Erreur n°5 : ne pas anticiper l’exit tax
Si vous détenez des participations dans des sociétés (parts de SCI, actions de SAS, etc.) d’une valeur supérieure à 800 000 euros ou représentant plus de 50 % des bénéfices d’une société, le transfert de votre résidence fiscale hors de France déclenche l’exit tax. Les plus-values latentes sont calculées et un sursis de paiement est accordé, mais l’impôt reste dû si vous vendez dans les deux ans (UE) ou cinq ans (hors UE) suivant votre départ.
Conclusion : la fiscalité se prépare avant le départ
La fiscalité des expatriés en 2026 est plus complexe que jamais. Les anciens paradis fiscaux se ferment ou se durcissent, les échanges d’informations rendent la dissimulation quasi-impossible, et les règles changent constamment. Mais des opportunités légales existent toujours pour ceux qui prennent le temps de comprendre le système et de structurer correctement leur expatriation.
Le conseil le plus important que nous puissions donner : consultez un avocat fiscaliste spécialisé en mobilité internationale AVANT de partir. Le coût d’une consultation (quelques centaines d’euros) est dérisoire comparé aux redressements fiscaux que subissent ceux qui improvisent. Votre situation fiscale doit être claire, documentée et conforme dès le premier jour de votre expatriation.
FAQ – Fiscalité des expatriés
Quand cesse-t-on d’être résident fiscal français ?
Quand votre foyer (famille), votre lieu de séjour principal (plus de 183 jours) et votre centre d’intérêts économiques ne sont plus en France. Les trois critères sont évalués indépendamment, et un seul suffit à maintenir la résidence fiscale française. Le transfert doit être réel et documentable.
La Polynésie Française est-elle un paradis fiscal ?
Elle ne figure sur aucune liste noire car c’est une collectivité française. Mais l’absence d’IRPP en fait effectivement un territoire à fiscalité très réduite pour les personnes physiques. En revanche, les impôts indirects et le coût de la vie élevé compensent partiellement cet avantage.
Peut-on être résident fiscal de nulle part ?

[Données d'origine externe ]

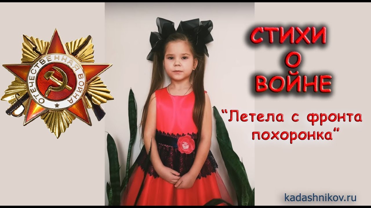 Конкурс чтецов "Дети читают стихи" стих о войне. "Летела с фронта похоронка" автор Степан Кадашников, читает Полина Клюева, 5 лет. Рощинский, Самарская область. Актёры, певцы, дети и школьники читают мои стихи на сайте: http://kadashnikov.ru "Летела с фронта похоронка" Летела с фронта похоронка На молодого пацана, А он живой лежал в воронке… Ах, как безжалостна война! И проходили мимо танки… Чужая речь… а он лежал, И вспоминал сестру и мамку, Лежал и тихо умирал. Пробита грудь была навылет, И кровь стекала в черный снег, А он глазами голубыми Встречал последний свой рассвет. Нет, он не плакал, улыбался, И вспоминал родимый дом, И пересилив боль поднялся, И, автомат подняв с трудом, Он в перекошенные лица Горячий выплеснул свинец, Приблизив этим на минуту Войны, безжалостной, конец. Летела с фронта похоронка, Уже стучался почтальон, Солдат, глаза закрыв в воронке, На миг опередил её. ©Степан Кадашников Если Вы любите декламировать стихи и Вам понравилось одно из стихотворений С. Кадашникова, запишите свое видео и отправьте нам.? ? Лучшие видео будут размещены в инстаграмме, вконтакте, или на сайте: http://kadashnikov.ru Посмотреть видео других выступлений школьников, актеров, телеведущих, детей - можно на канале YouTube : https://www.youtube.com/kadashnikov Инстаграмм https://www.instagram.com/stepankadashnikov Поэт Степан Кадашников биография стихи о войне на День Победы. Начало войны 22 июня, 1941 года день памяти. Стихи о войне до слёз стихотворение "Летела с фронта похоронка" выступление посвяфщенное ветеранам войны. Стих на конкурс чтецов, декламации, для детей. Песни про войну до слез . Конкурс Лабиринт.Ру, дети и школьники читают стихотворения про войну на День Победы 9 мая. Ветер войны, праздник 23 февраля. День защитника Отечества, Строчки Твардовского, о войне и победе, Неизвестные поэты, короткие. Строки о войне и про войну на 9 мая. "Не забывайте о войне ", "Прерванный бег", "Летела с фронта похоронка". О дне начала ВОВ 22 июня стих - "День памяти и скорби". Про Великую Отечественную Войну 1941-1945 г. о любви, о природе для детей. Поэты для школьников, для конкурса чтецов на День Победы 9 мая 1945 года. О войне читают дети и школьники. #конкурсчтецов #стихиовойне #детскиестихи #деньпобеды #стихипровойну #конкурсчтецов #конкурсстихов #стихидлядетей #бессмерныйполк #детичитаютстихи #степанкадашников Актёры, певцы, дети и школьники читают мои стихи на сайте: http://kadashnikov.ru

Juridiquement, c’est un vide qui peut se retourner contre vous. Si aucun pays ne vous réclame comme résident fiscal, la France peut considérer que vous êtes toujours résident français (critère du centre d’intérêts économiques). Il est fortement conseillé d’établir une résidence fiscale claire quelque part.
Les crypto-monnaies sont-elles imposables pour les expatriés ?
Oui, dans la majorité des pays. Les plus-values sur crypto-monnaies sont imposables dans votre pays de résidence fiscale. Quelques exceptions existent (Portugal jusqu’en 2023, Malte sous certaines conditions), mais la tendance mondiale est à l’imposition des gains crypto. La France impose les plus-values crypto à 30 % (flat tax) pour les résidents fiscaux français.
Faut-il un avocat fiscaliste pour s’expatrier ?
Ce n’est pas obligatoire, mais c’est très fortement recommandé dès que vos revenus dépassent 50 000 euros par an ou que vous avez un patrimoine significatif. Les erreurs fiscales en matière d’expatriation peuvent coûter des dizaines de milliers d’euros en redressements et pénalités. Une consultation en amont est un investissement, pas une dépense.